[[ Entries shown, beginning ]]

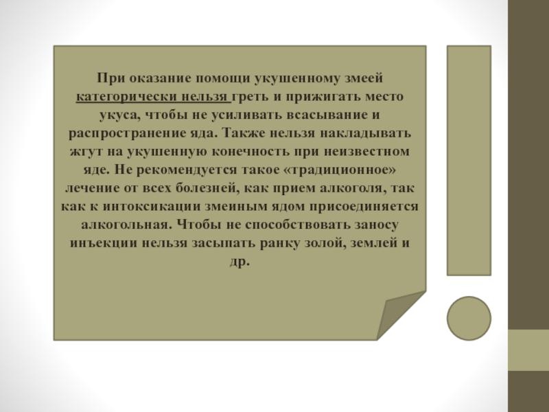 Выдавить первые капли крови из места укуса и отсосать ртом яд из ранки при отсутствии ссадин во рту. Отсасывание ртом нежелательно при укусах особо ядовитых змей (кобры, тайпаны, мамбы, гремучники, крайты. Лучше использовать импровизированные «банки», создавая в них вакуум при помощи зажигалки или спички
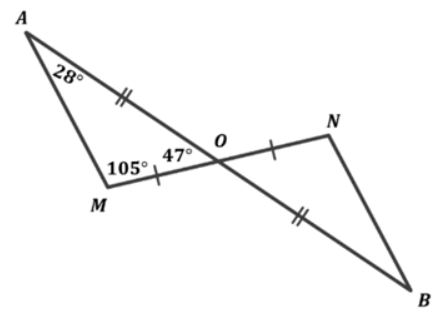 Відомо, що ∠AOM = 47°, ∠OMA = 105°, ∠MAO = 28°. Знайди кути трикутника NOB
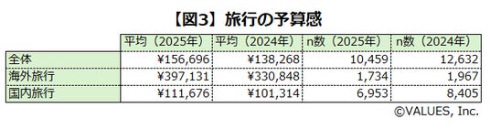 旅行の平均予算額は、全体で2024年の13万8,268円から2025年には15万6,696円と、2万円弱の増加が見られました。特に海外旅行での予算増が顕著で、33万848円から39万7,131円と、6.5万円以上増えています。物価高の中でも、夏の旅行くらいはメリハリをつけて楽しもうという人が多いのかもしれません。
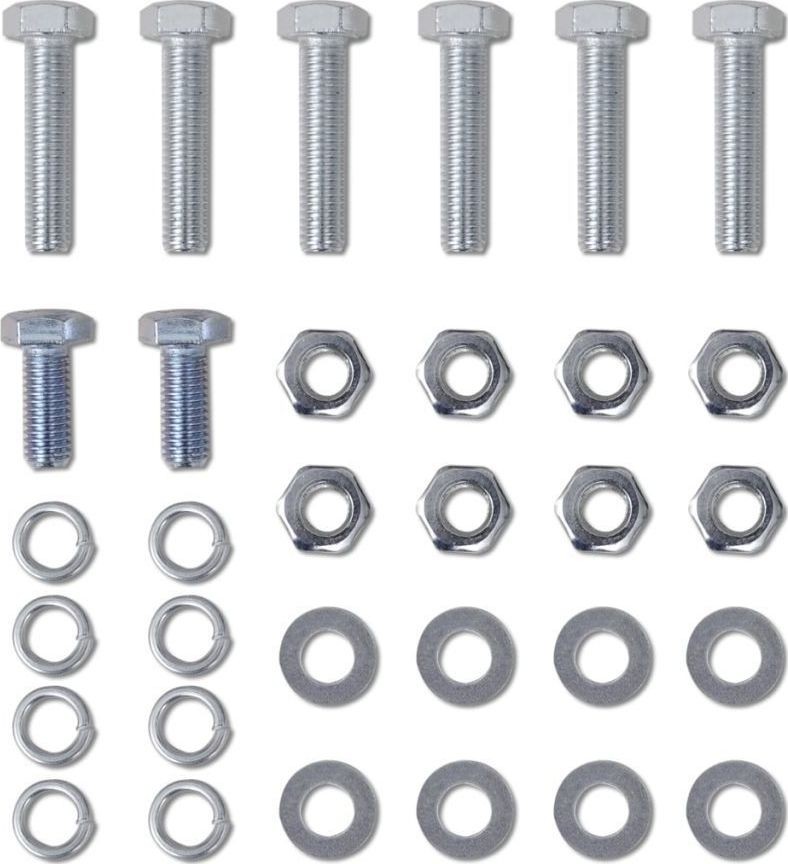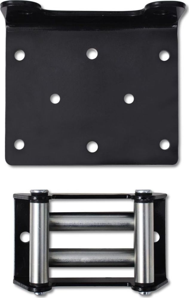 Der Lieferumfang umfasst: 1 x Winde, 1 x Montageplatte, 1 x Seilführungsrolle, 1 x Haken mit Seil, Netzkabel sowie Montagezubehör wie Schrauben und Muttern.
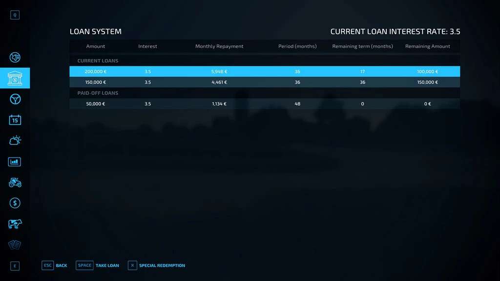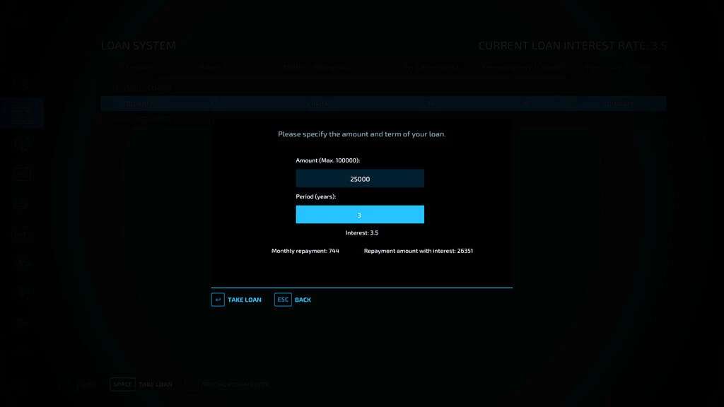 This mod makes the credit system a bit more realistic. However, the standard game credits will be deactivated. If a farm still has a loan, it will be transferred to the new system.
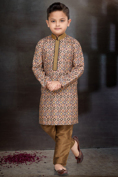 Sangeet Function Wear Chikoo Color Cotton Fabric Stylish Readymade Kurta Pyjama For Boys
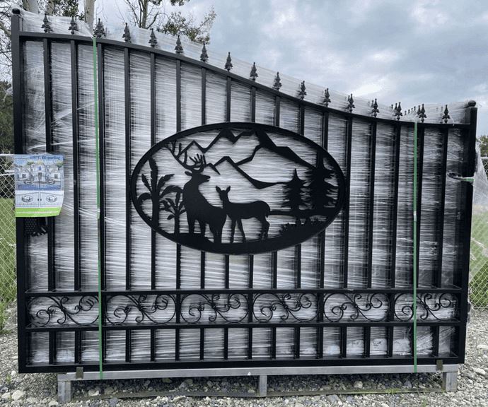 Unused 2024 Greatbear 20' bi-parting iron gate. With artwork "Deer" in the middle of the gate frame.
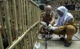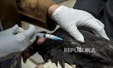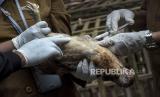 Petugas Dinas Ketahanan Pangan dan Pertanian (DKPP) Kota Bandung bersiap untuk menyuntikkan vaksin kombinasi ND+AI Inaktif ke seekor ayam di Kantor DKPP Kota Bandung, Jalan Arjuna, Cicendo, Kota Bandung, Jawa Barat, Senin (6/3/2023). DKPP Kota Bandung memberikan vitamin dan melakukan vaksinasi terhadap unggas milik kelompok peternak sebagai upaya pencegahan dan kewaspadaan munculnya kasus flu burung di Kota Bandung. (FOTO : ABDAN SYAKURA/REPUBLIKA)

[[ Entries shown, end ]]
[[ Entries shown, beginning ]]

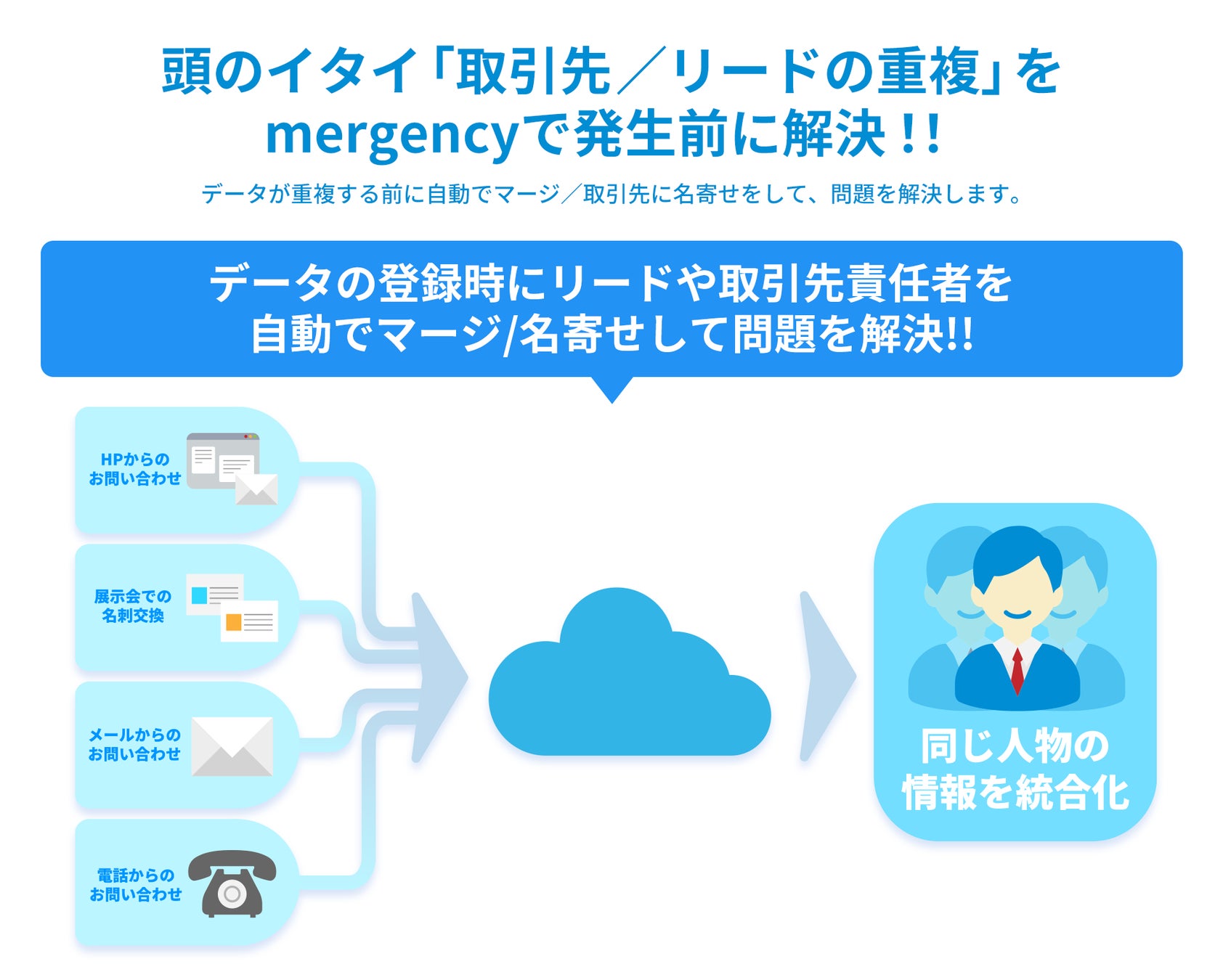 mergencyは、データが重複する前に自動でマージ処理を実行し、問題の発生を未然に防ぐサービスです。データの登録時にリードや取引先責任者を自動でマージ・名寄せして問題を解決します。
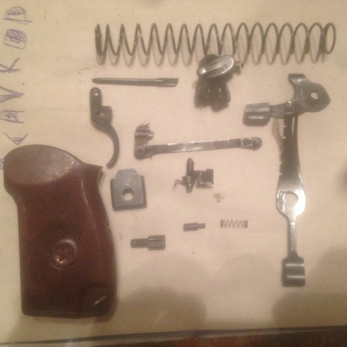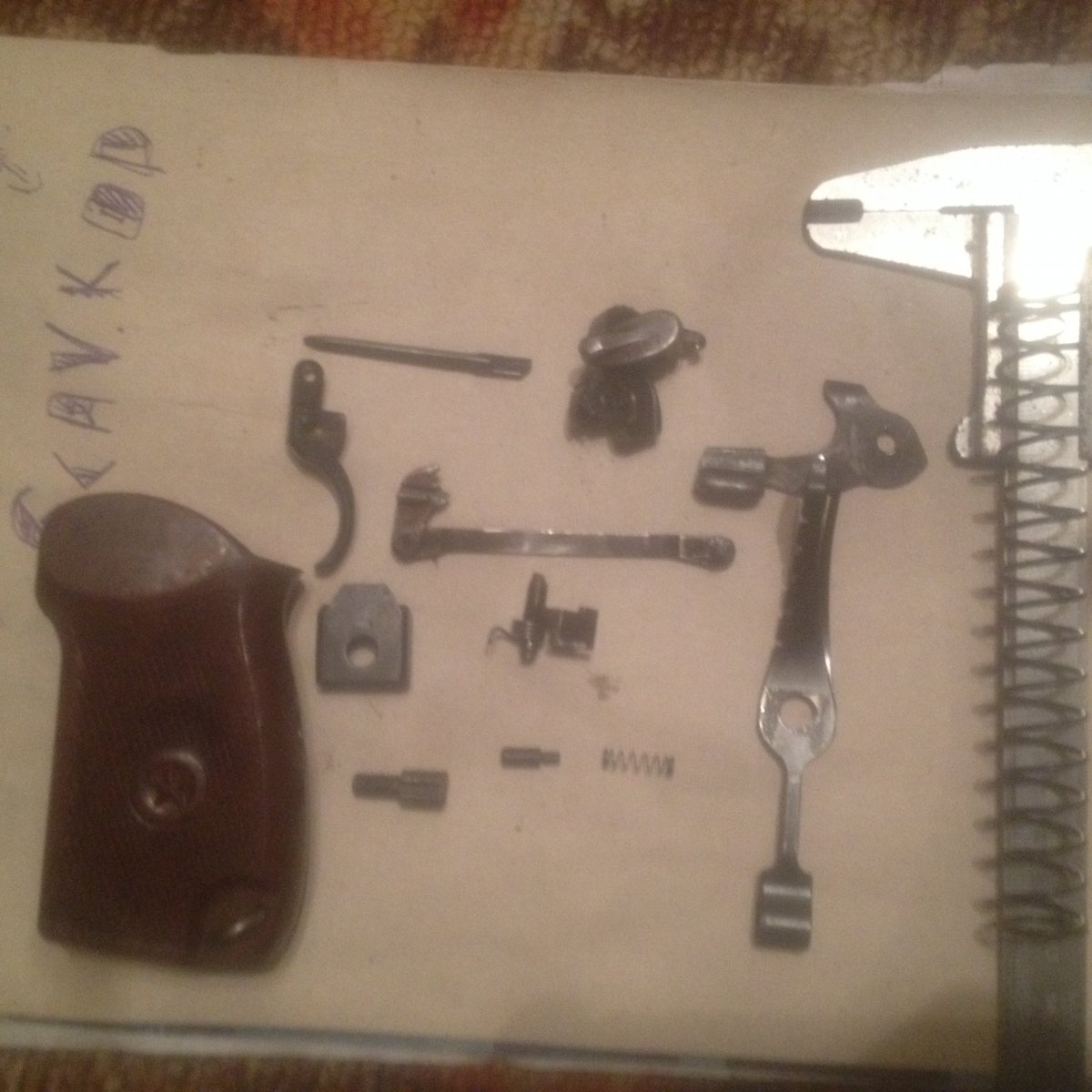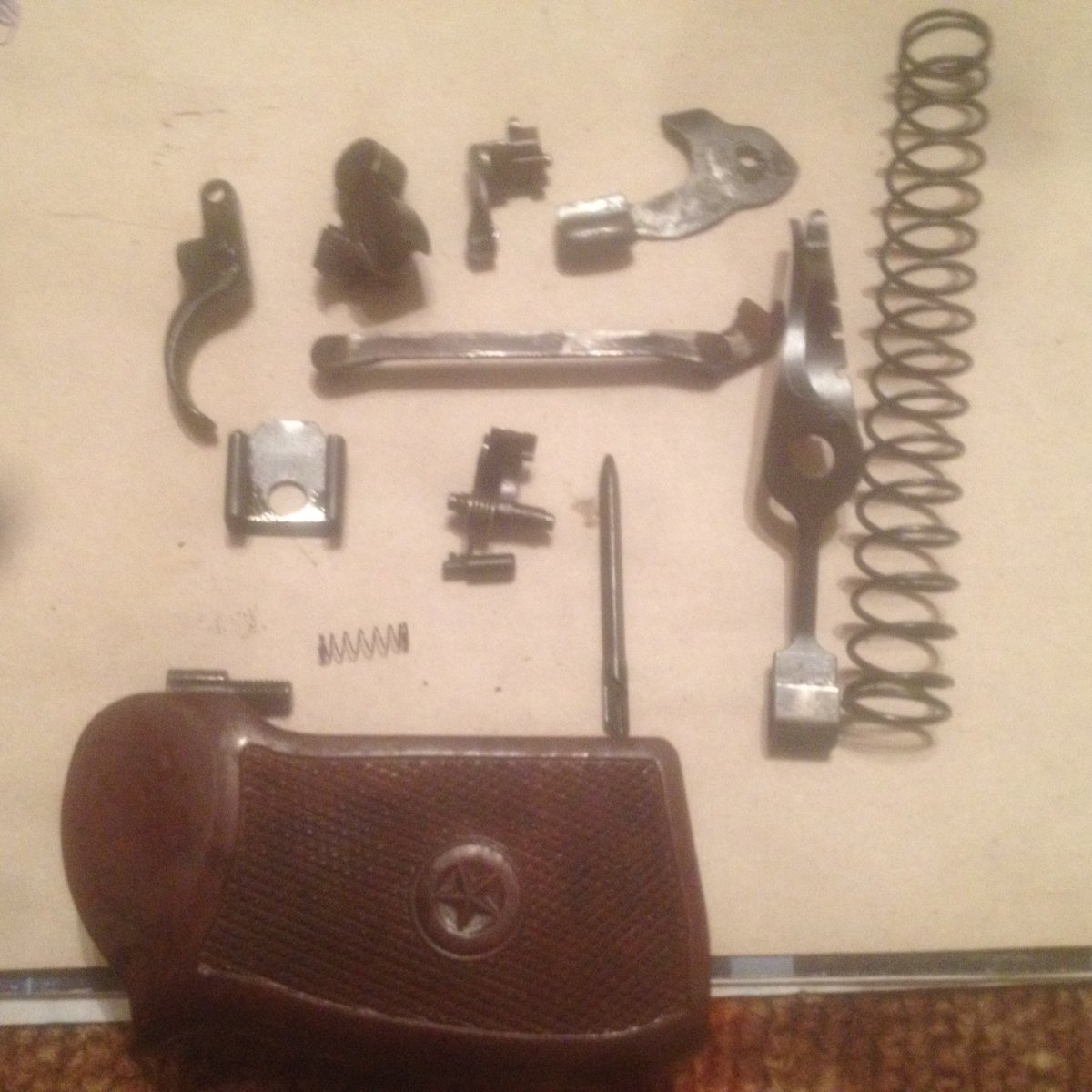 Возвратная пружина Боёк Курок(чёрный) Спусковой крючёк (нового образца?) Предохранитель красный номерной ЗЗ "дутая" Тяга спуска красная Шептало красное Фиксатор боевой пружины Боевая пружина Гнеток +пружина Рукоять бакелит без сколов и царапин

[[ Entries shown, end ]]
[[ Entries shown, beginning ]]

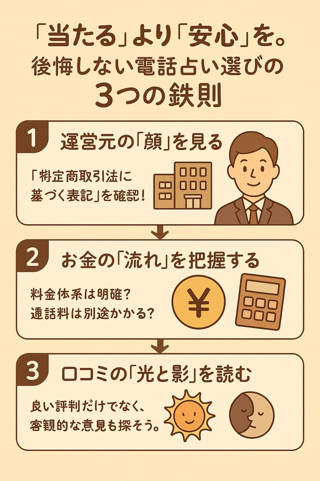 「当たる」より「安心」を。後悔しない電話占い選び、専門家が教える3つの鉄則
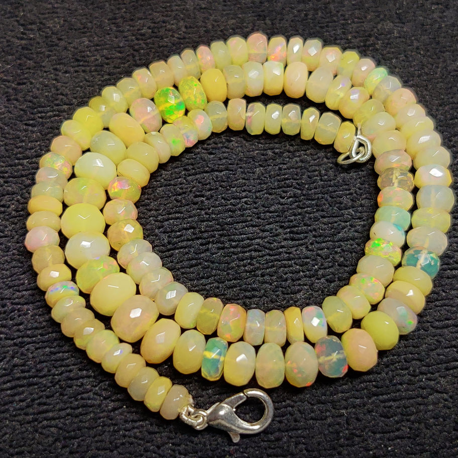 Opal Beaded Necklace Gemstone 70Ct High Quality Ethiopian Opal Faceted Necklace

[[ Entries shown, end ]]

Once the line with "Выдавить первые капли" is found above, print it and every line after it through the line with "Sangeet Function Wear", exactly. Pictures stay out.

 Выдавить первые капли крови из места укуса и отсосать ртом яд из ранки при отсутствии ссадин во рту. Отсасывание ртом нежелательно при укусах особо ядовитых змей (кобры, тайпаны, мамбы, гремучники, крайты. Лучше использовать импровизированные «банки», создавая в них вакуум при помощи зажигалки или спички
 Відомо, що ∠AOM = 47°, ∠OMA = 105°, ∠MAO = 28°. Знайди кути трикутника NOB
 旅行の平均予算額は、全体で2024年の13万8,268円から2025年には15万6,696円と、2万円弱の増加が見られました。特に海外旅行での予算増が顕著で、33万848円から39万7,131円と、6.5万円以上増えています。物価高の中でも、夏の旅行くらいはメリハリをつけて楽しもうという人が多いのかもしれません。
 Der Lieferumfang umfasst: 1 x Winde, 1 x Montageplatte, 1 x Seilführungsrolle, 1 x Haken mit Seil, Netzkabel sowie Montagezubehör wie Schrauben und Muttern.
 This mod makes the credit system a bit more realistic. However, the standard game credits will be deactivated. If a farm still has a loan, it will be transferred to the new system.
 Sangeet Function Wear Chikoo Color Cotton Fabric Stylish Readymade Kurta Pyjama For Boys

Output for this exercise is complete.